Rick Turner, founder of the fable Alembic Guitars Company, is a friend of Ry Cooder. He played him an album recorded by Vishwa Mohan Bhatt for Water Lily Acoustics. Bhatt is an Indian musician who conceived and plays an instrument called the "mohan vina" which, used with a metal slide, strongly recalls a slide guitar.
Cooder, a master of the latter instrument, was so moved by what he heard that he decided to meet Bhatt. Subsequently, both recorded this instrumental gem of an album.
The recording sessions were very loose and the music was entirely improvised.

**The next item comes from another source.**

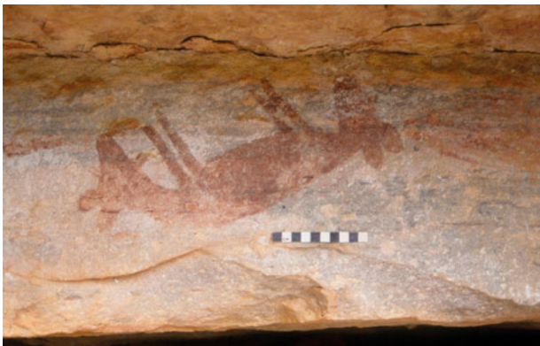
Figure 4. Double-headed 'thylacine' rock painting, Kakadu National Park.

(Chaloupka 1993, 188, fig. 209), a second composition by Nayombolmi of a 'split man' (Nakurrurndilhba) back-to-back figure about to have intercourse with a normal female figure, two back-to-back malevolent female spirits at Nanguluwurr, Kakadu (Hayward et al. 2021, 422, fig. 11) and back-to-back human female figures and birds at a number of Awunbarna (Mount Borradaile) sites. There are also large back-to-back macropods of unknown age at Djidbidjidbi (Mount Brockman, Kakadu), Djarrng (Taçon et al. 2021) and elsewhere, as well as two back-to-back macropods holding dilly bags and sticks about six kilometres north of Lightning Dreaming in the middle of Kakadu. Macropods holding these material culture items are associated with the mythological origin of the Wubarr ceremony (see e.g. Goldhahn et al. 2021). Maddock (1970) interpreted rock paintings of back-to-back male and female kangaroos at Gudabubi:m

The interplay between those two master musicians is such that, as the music progresses, Ry's guitar lines start bending their heads toward India while Vishwa's get bluesier. The two seemingly disparate guitars eventually embrace one another and intertwine until you can't tell where one leaves off and the other begins
The music is powerful yet tranquil and the vibe creates a whole universe of modal patterns. Complementing each other, Cooder and Bhatt lay out vast landscapes of sound that seem to transport you, upon listening, into another "musical zone."
Backed by the rhythm section of Sukhvinder Singh Namdhari (tabla) and Joachim Cooder (dumbek, bongo-like instrument), the two master slide guitarists converse in ancient melodies and weave a spell that begs for darkness and infinite repeat.
Moreover, thanks to the fine engineering, the recorded sound is flawless. This is one of the best-sounding acoustic guitar recordings that I have ever heard.
I want to tell you that "A Meeting by the River" is just flat-out astounding. It is, without a doubt, one of my three favourite Cooder albums. It fully deserves a place of choice in his many fans' library.